Roasted Mushroom Soup

  • 1 ½ kilo (3 pounds) chestnut mushrooms, cut in half if large
  • 6 tablespoons olive oil, divided
  • 2 (32 oz containers) vegetable broth
  • 1 onion, chopped
  • 3 garlic cloves, minced
  • 2 tablespoons brandy
  • 3 tablespoons plain flour
  • 2 sprigs fresh thyme
  • 1 cup soya cream/whipping cream/coconut cream (optional – but highly recommended)

Preheat oven to 200˚C (400°F).

Line 2 large baking sheets with foil. Divide mushrooms between prepared baking sheets. Drizzle mushrooms on each sheet with 2 tablespoons oil. Sprinkle generously with salt and pepper; toss to coat. Bake mushrooms 30 minutes.
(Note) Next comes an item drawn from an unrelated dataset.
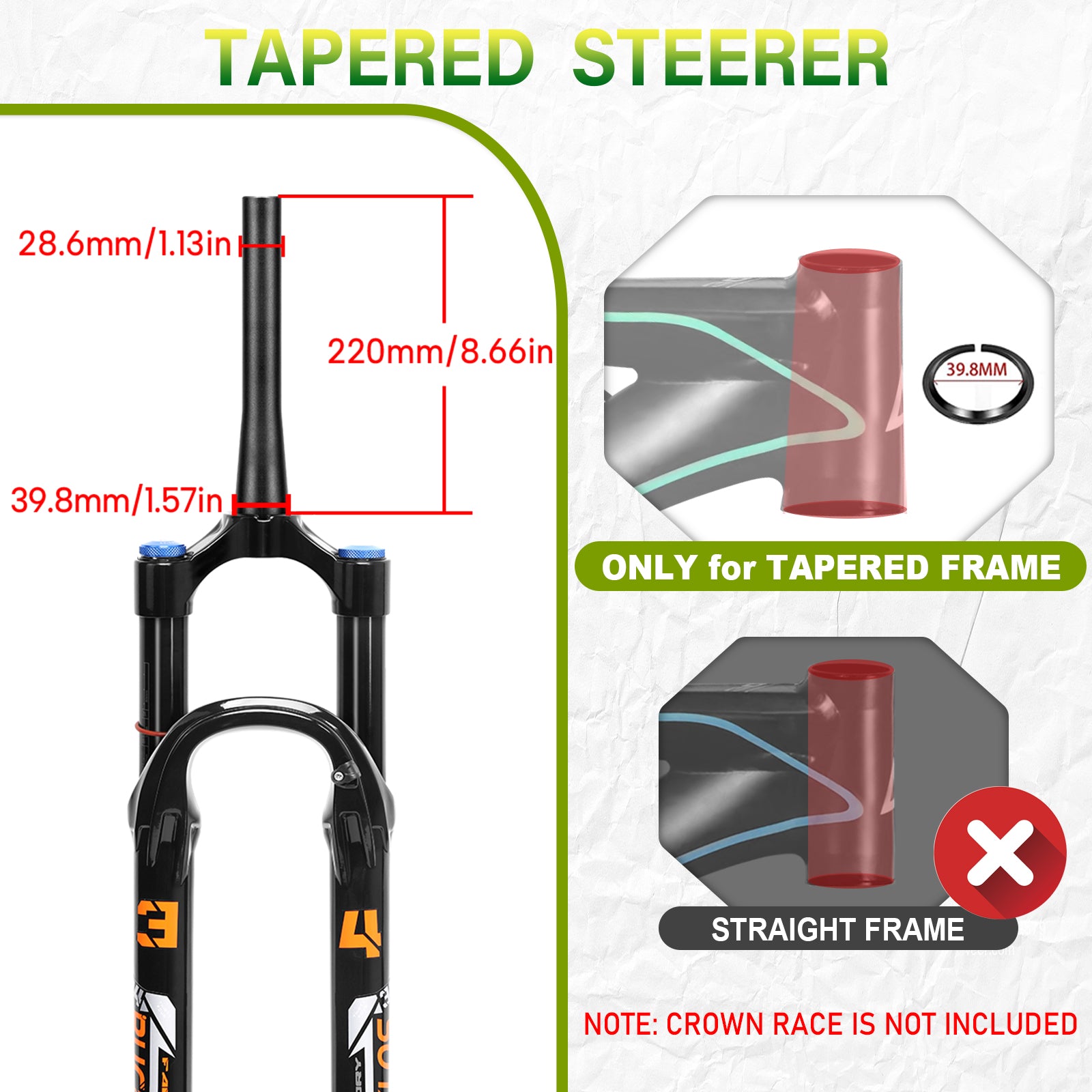 30mm crown race,steerer tube (28.6mm threadless), and disc brake adaptors. Compatible with 26/27.5"/29" wheels and 180mm direct mount 203mm rotor adapter.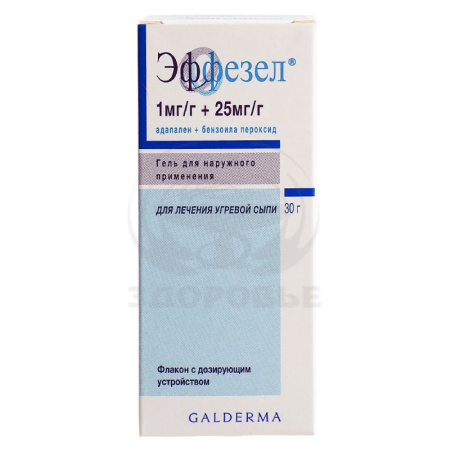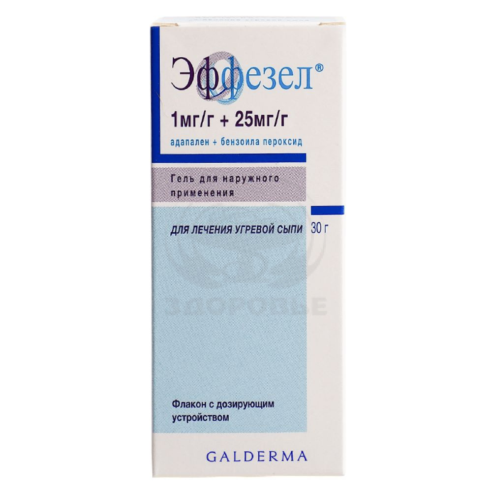Беременность Исследования на животных, в которых адапален принимался внутрь в высоких дозах, показали токсическое действие на репродуктивную систему. Клинический опыт наружного применения комбинации адапалена и бензоила пероксида при беременности носит ограниченный характер, о днако немногоимеющихся данных, собранных у пациенток, получавших препарат на ранних сроках беременности, не свидетельствуют о каком-либо его отрицательном влиянии. В связи с ограниченным характером имеющихся данных, а также вследствие возможности незначительного проникновения адапалена через кожу, Эффезел не следует применять во время беременности. В случае наступления беременности лечение следует прекратить. Период грудного вскармливания Исследований проникновения препарата в молоко животных или человека после накожного нанесения геля Эффезел не проводилось. Поскольку системная экспозиция комбинации адапалена и бензоила пероксида у кормящих грудью женщин незначительна, никакого влияния на находящихся на грудном вскармливании младенцев не ожидается. Эффезел может применятся во время кормления грудью. Следует избегать контакта грудного ребенка с препаратом, нанесения препарата на грудь при использовании в период грудного вскармливания.

Heat remaining 2 tablespoons olive oil in heavy large pot over medium- high heat. Add onion and garlic and sauté until onion is tender, about 8 minutes. Add brandy and simmer until almost all of liquid evaporates, about 30 seconds. Add flour; stir 2 minutes. Add one and a half containers of the broth and thyme. Stir cooked mushrooms. Simmer over medium heat until slightly thickened, about 10 minutes. Season soup to taste with salt and pepper.

Using an immersion blender, blend soup until you reach desired consistency slowly adding the remaining soup, and cream if using. Check for seasoning, serve piping hot.